Recall from The Normed Space Induced by an Inner Product page that if $H$ is an inner product then the norm induced by the inner product on $H$, $\| \cdot \| : H \to \mathbb{C}$, is defined for all $x \in H$ by:

(1)\begin{align} \quad \| x \| = \langle x, x \rangle^{1/2} \end{align}

We will now prove that this norm satisfies a very special property known as the parallelogram identity.

Theorem 1 (The Parallelogram Identity): Let $H$ be an inner product space and let $\| \cdot \|$ be the norm induced by the inner product. Then for all $x, y \in H$, $\| x + y \|^2 + \| x - y \|^2 = 2 \| x \|^2 + 2 \| y \|^2$. |

**Proof:**We have that:

\begin{align} \quad \| x + y \|^2 + \| x - y \|^2 &= \langle x + y, x + y \rangle + \langle x - y, x - y \rangle \\ &= \langle x, x \rangle + 2 \mathrm{Re} \langle x, y \rangle + \langle y, y \rangle + \langle x, x \rangle + \langle x, -y \rangle + \langle -y, x \rangle + \langle -y, -y \rangle \\ &= \langle x, x \rangle + 2 \mathrm{Re} \langle x, y \rangle + \langle y, y \rangle + \langle x, x \rangle - \langle x, y \rangle - \langle y, x \rangle + \langle y, y \rangle \\ &= \| x \|^2 + 2 \mathrm{Re} \langle x, y \rangle + \| y \|^2 + \| x \|^2 - 2 \mathrm{Re} \langle x, y \rangle + \| y \|^2 \\ &= 2 \| x \|^2 + 2 \| y \|^2 \end{align}

Theorem 2: Let $X$ be a normed linear space.

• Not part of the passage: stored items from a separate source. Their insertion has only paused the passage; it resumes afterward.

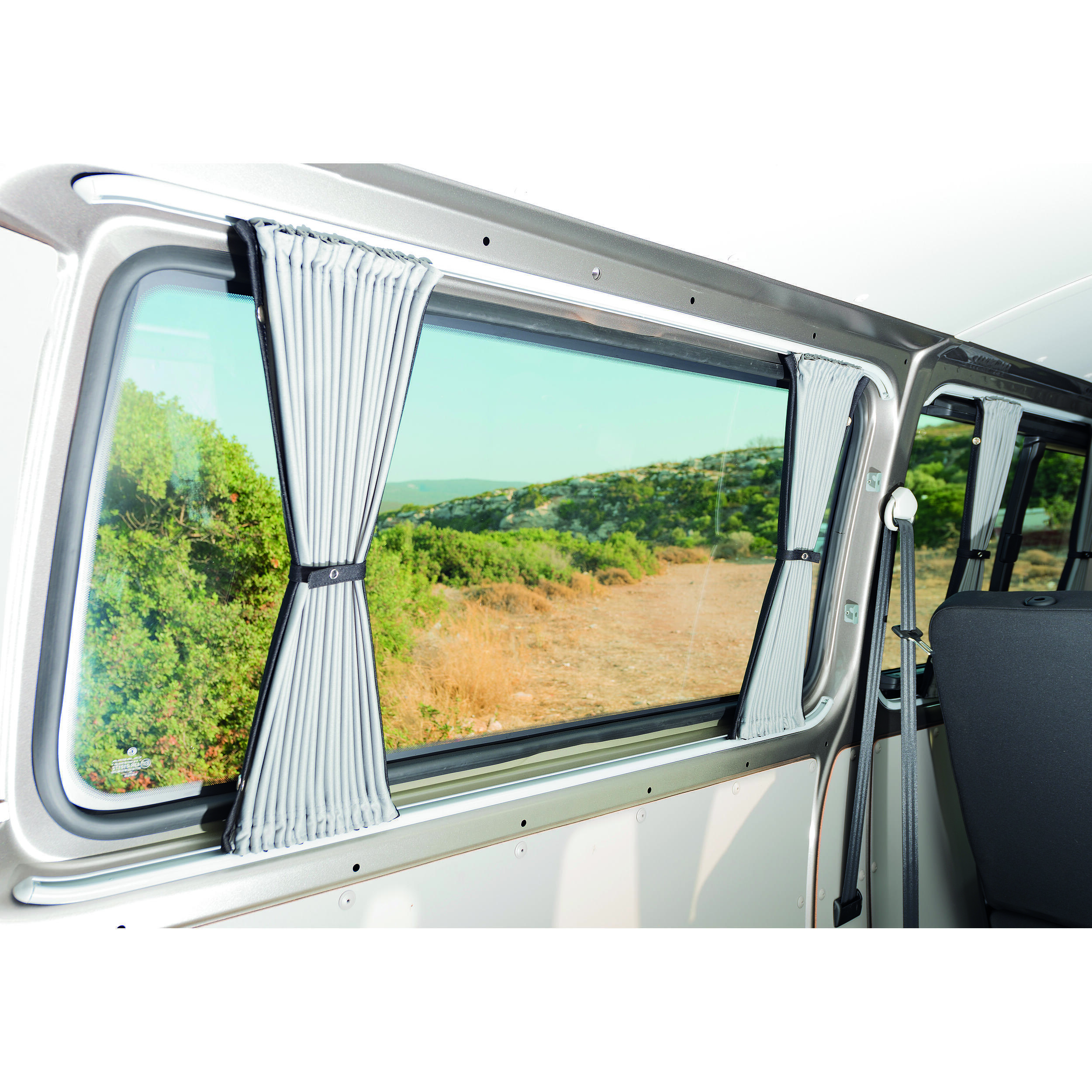 Rideaux occultants Soplair 5 pièces : double peau opaque pour camping-car et fourgon, assurant intimité, confort et protection solaire.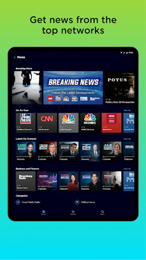 - FOX News, CNN, MSNBC, Bloomberg Radio, & more for the latest news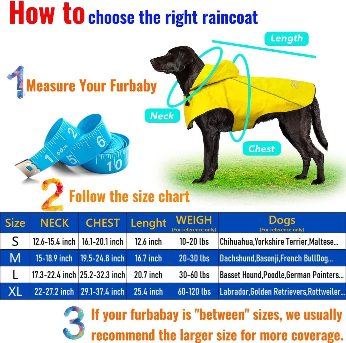 【M Size】Neck Girth is 15-18.9", Chest Girth is 19.5-24.8", Back Length is 16.7". Perfect dog raincoats for mideum dogs, fits well for Bulldog, Beagle, Poodle, Welsh Corgi, etc. NOTE: Please measure your dog carefully and refer to the size chart before purchasing.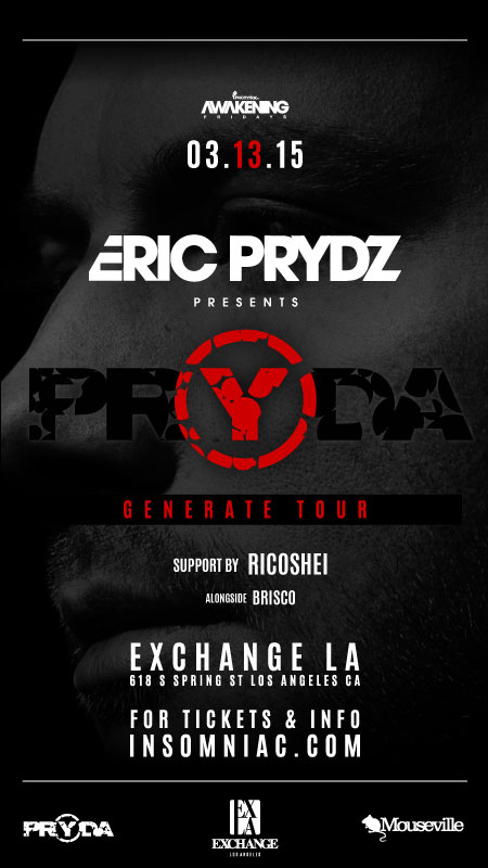 As part of Exchange LA’s Awakening Fridays, Eric Prydz will be taking over the decks for the March 13th show. The event is the second to last stop for his Pryda ‘Generate’ Tour which has seen him take the stage in cities like Montreal, New York, Baltimore, Chicago, Denver, and El Paso. Also performing Friday night will be Ricoshei and Brisco. Here’s a little preview of what the night has in store: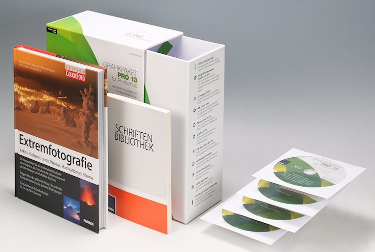 Franzis bietet in ihrem Grafikpaket Pro 13 sieben interessante Programme, die man rund um den Photoshop, oder auch zu anderen Bildbearbeitungsprogrammen, sinnvoll und effizient nutzen kann. Dazu gibt es auf CDs und DVDs 1’900 Schriften, 15’000 lizenzfreie Stockfotos, eine Sammlung von fertigen Webdesign-Vorlagen, sowie ein faszinierendes Buch über Extremfotografie.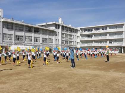 3年生と4年生合同での運動会にむけた練習のようすです。色鮮やかなカラーのフラッグが、青空に映えています。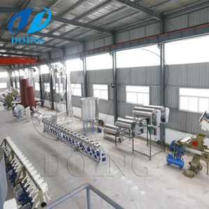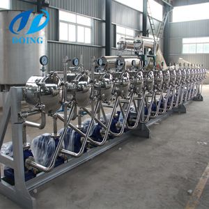 Potatos through screw conveyor to rasper to crushing, in this section, potatos will be crush to potato milk.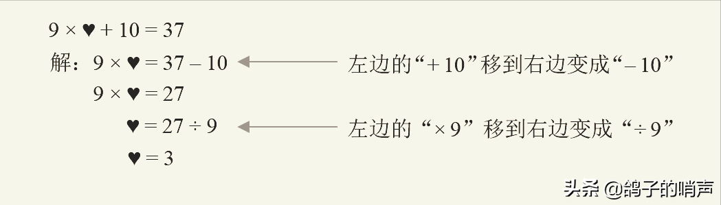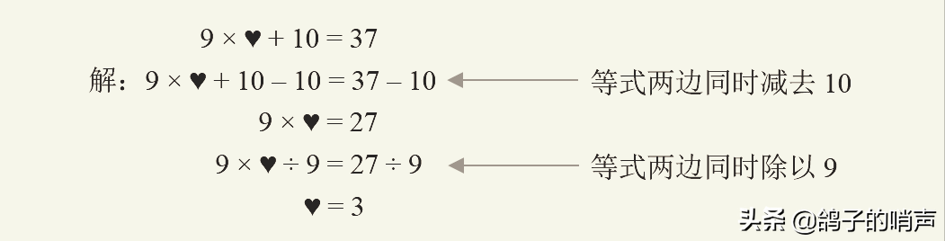 孩子们从四年级左右开始接触代数和方程,单纯的“解方程”几乎都不存在太大的问题,一开始采用“等式的基本性质”:等式的等号左右两边,同时加上、减去、乘以、除以(除数不为0)同一个整式(可以是数、未知数、算式、符号),等式仍然成立。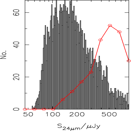 Figure 5 shows the metals produced as a function of redshift on the assumption that the redshift distributions of GOODS-North and LH-North are representative of the FIRB as a whole. The figure suggests that most of the metals (and therefore most of the massive stars) formed at a moderate redshift (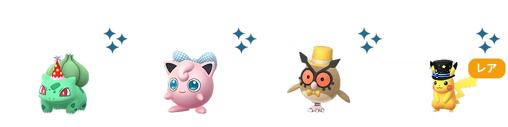・パーティートップハットをかぶった「ピカチュウ」と出会える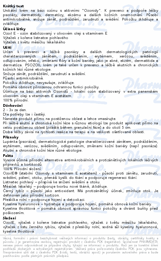 Unikátní krém na bázi ozónu s aktivními "Ozonidy". K prevenci a podpoře léčby psoriázy, dermatitidy, dermatózy, ekzému a dalších kožních onemocnění. Působí antimikrobiálně, snižuje zánět, podráždění, zarudnutí a svědění. Pokožku zklidňuje a zvláčňuje.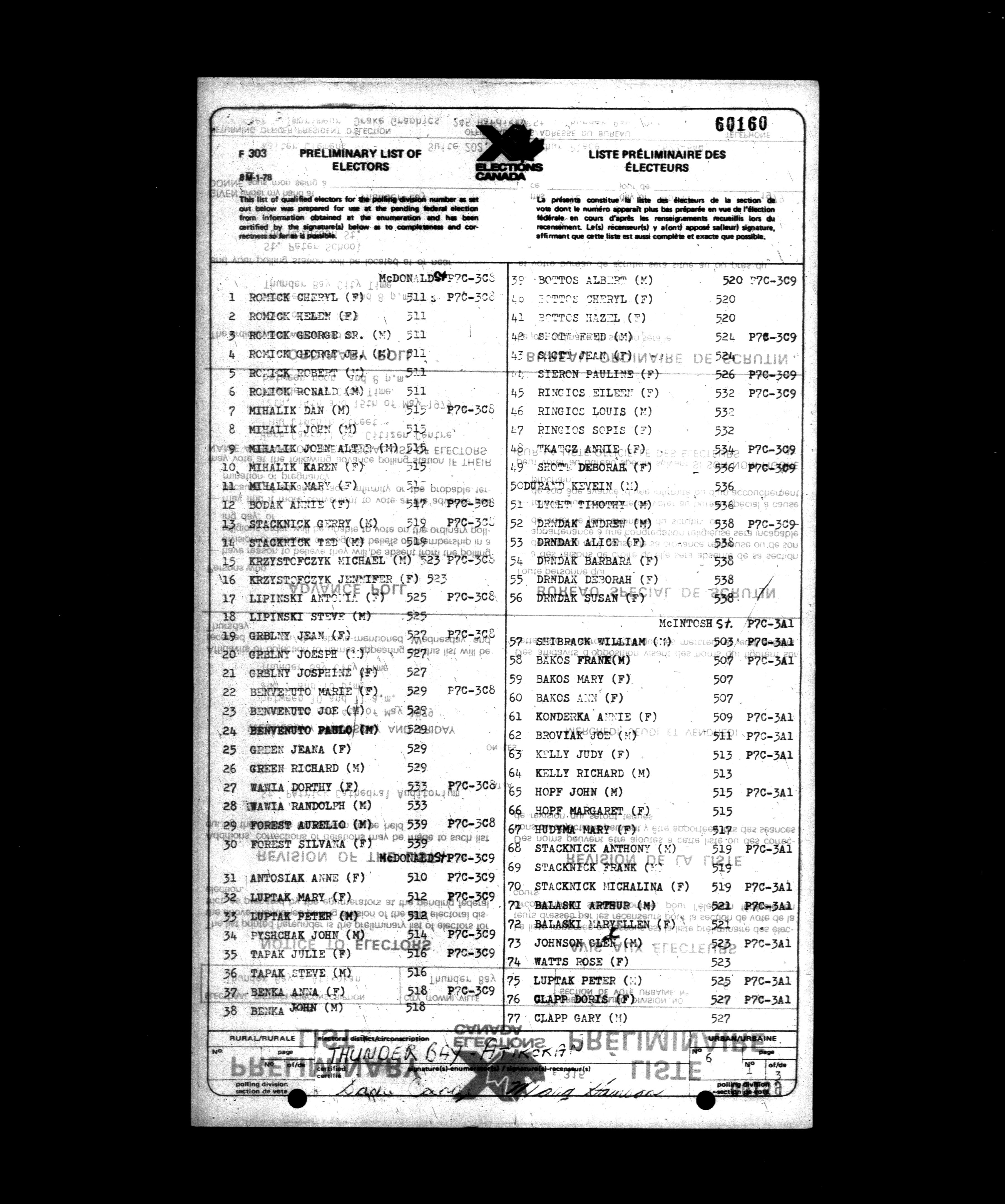 Office of the Chief Electoral Officer : Preliminary List of Electors : T-587

Then $X$ is an inner product space if and only if the parallelogram identity holds. |

If $X$ is a normed linear space in which the parallelogram identity holds for all $x, y \in X$ then it can be shown that the function defined an inner product on $X$ that induces the norm on $X$:

(3)\begin{align} \quad \langle x, y \rangle = \frac{1}{4} \| x + y \|^2 - \frac{1}{4} \| x - y \|^2 \end{align}